WHAT NEEDS TO BE DONE: Take the data below and write it out exactly, except for the pictures.

DATA PROVIDED:

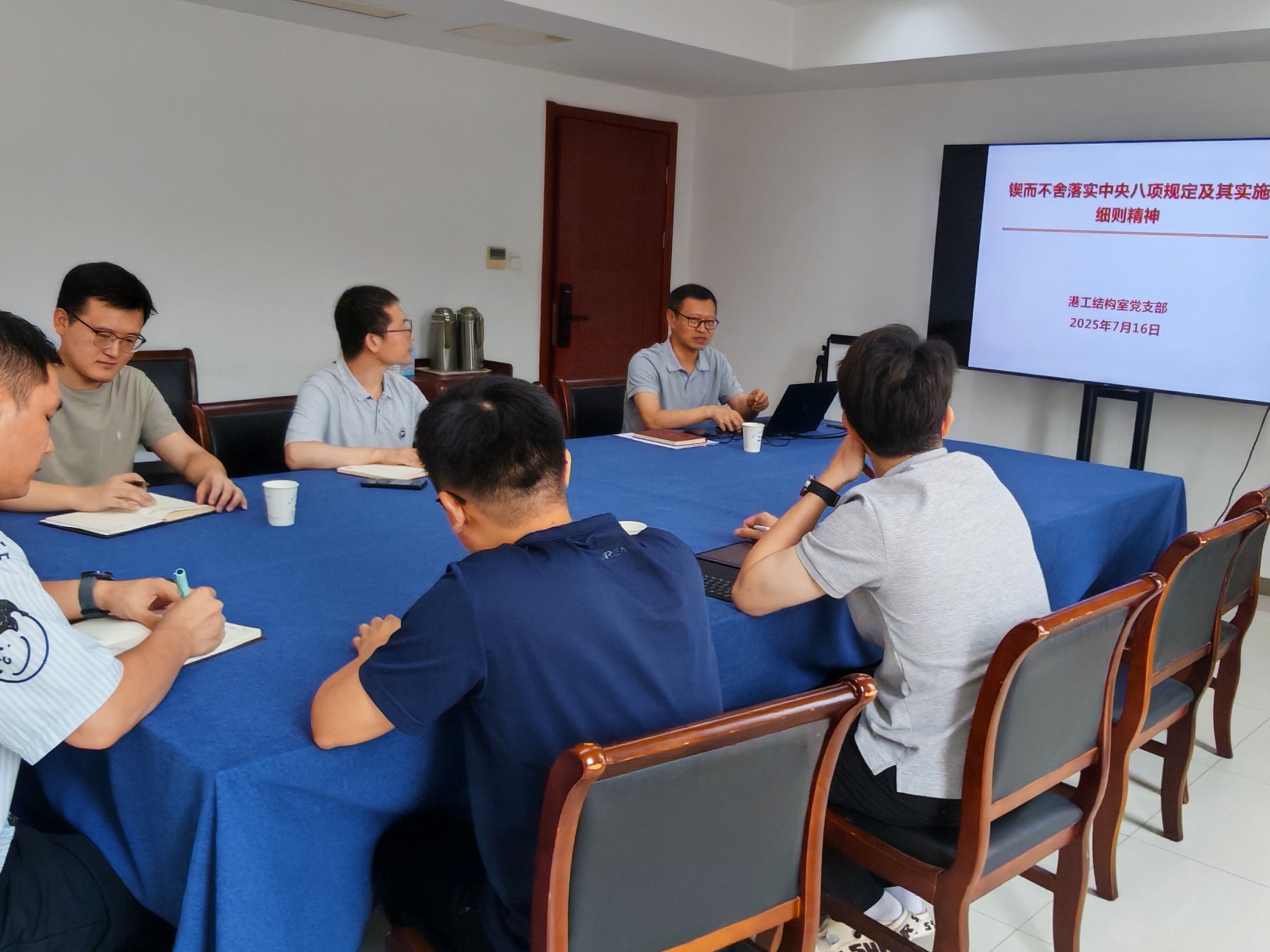 7月16日,为持续加强支部党员作风建设,港工结构室党支部召开党员大会,以“锲而不舍落实中央八项规定精神”为主题,开展专题学习暨主题党日活动。支部书记王承强主持活动并讲授专题党课。
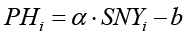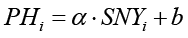 где PHi – годовые показатели заболеваемости населения на 100 тыс. человек; α – коэффициент регрессии; b – показатель, характеризующий увеличение следующего значения временного ряда; SNYi – номер периода или порядковый номер года;
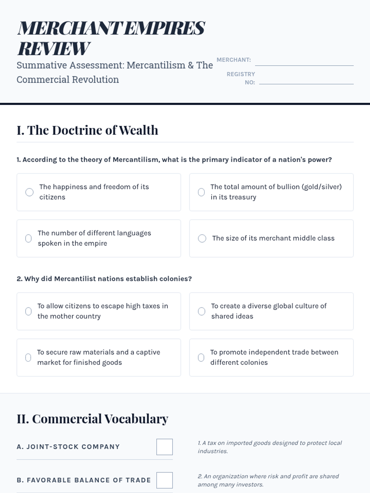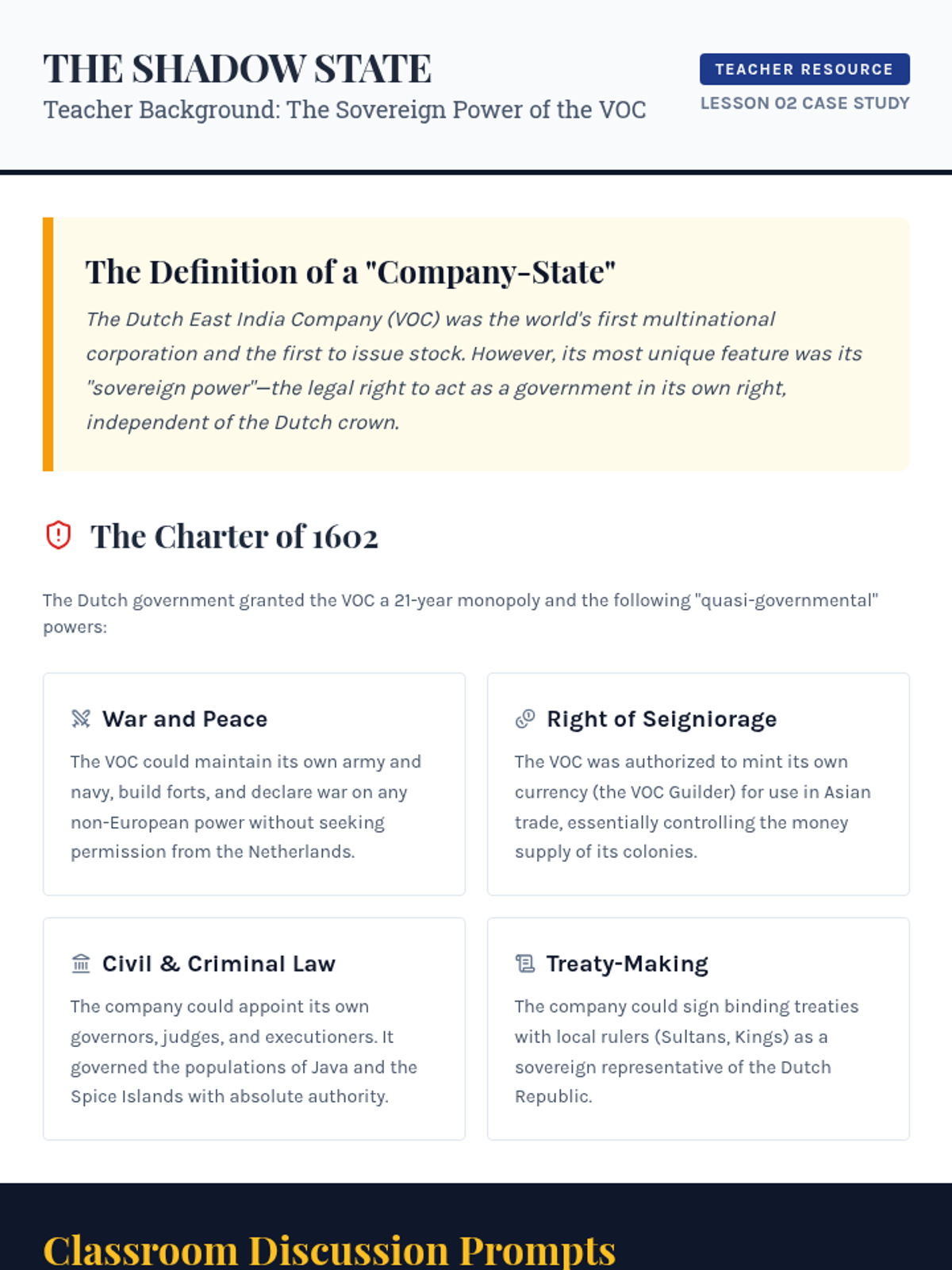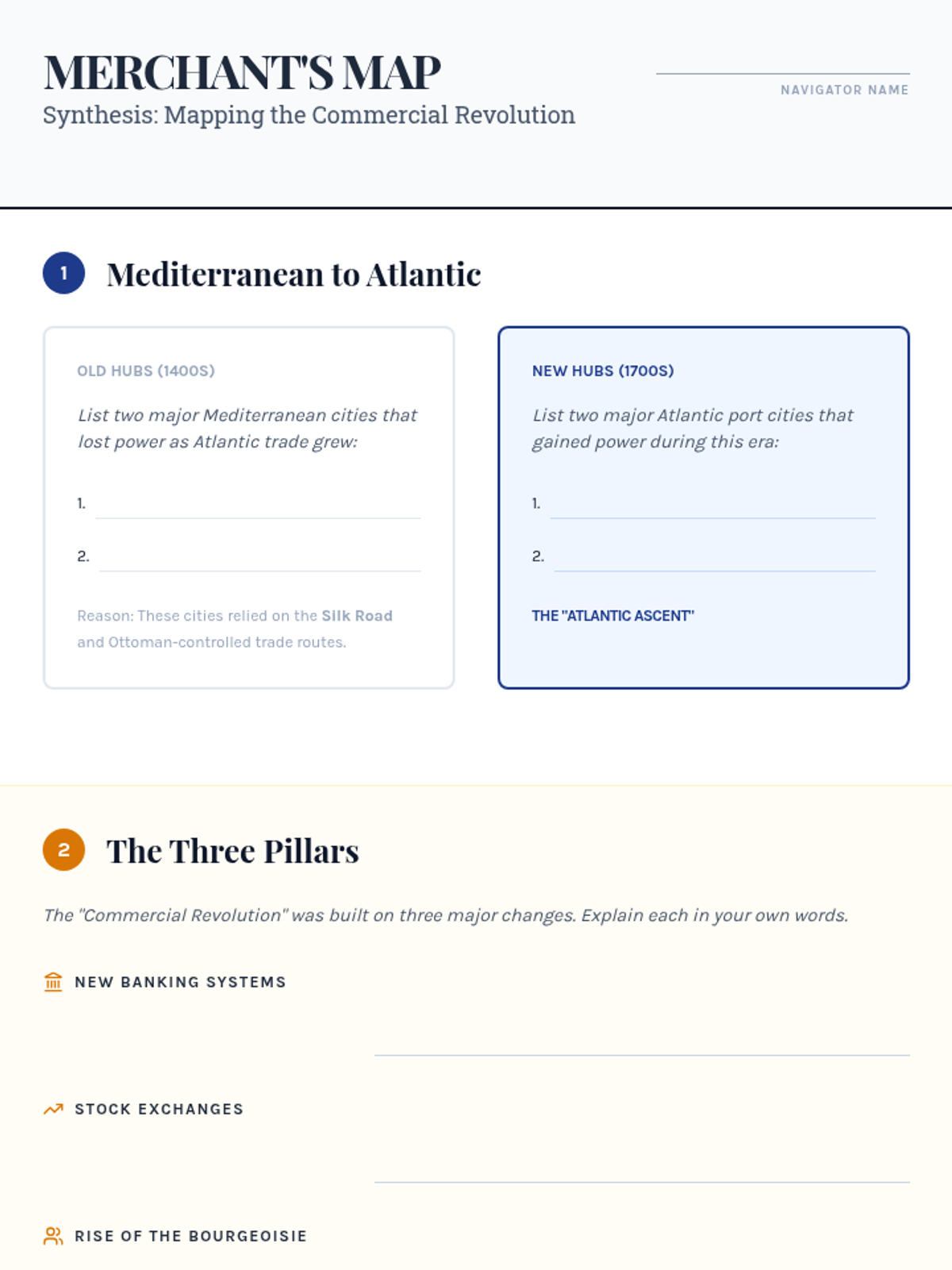 A game-based sequence exploring the economic systems of the Age of Exploration, focusing on mercantilism, joint-stock companies, and the global shift in power. Students engage in simulations and case studies to understand how modern global capitalism began.

TASK OUTPUT:
 7月16日,为持续加强支部党员作风建设,港工结构室党支部召开党员大会,以“锲而不舍落实中央八项规定精神”为主题,开展专题学习暨主题党日活动。支部书记王承强主持活动并讲授专题党课。
 где PHi – годовые показатели заболеваемости населения на 100 тыс. человек; α – коэффициент регрессии; b – показатель, характеризующий увеличение следующего значения временного ряда; SNYi – номер периода или порядковый номер года;
 A game-based sequence exploring the economic systems of the Age of Exploration, focusing on mercantilism, joint-stock companies, and the global shift in power. Students engage in simulations and case studies to understand how modern global capitalism began.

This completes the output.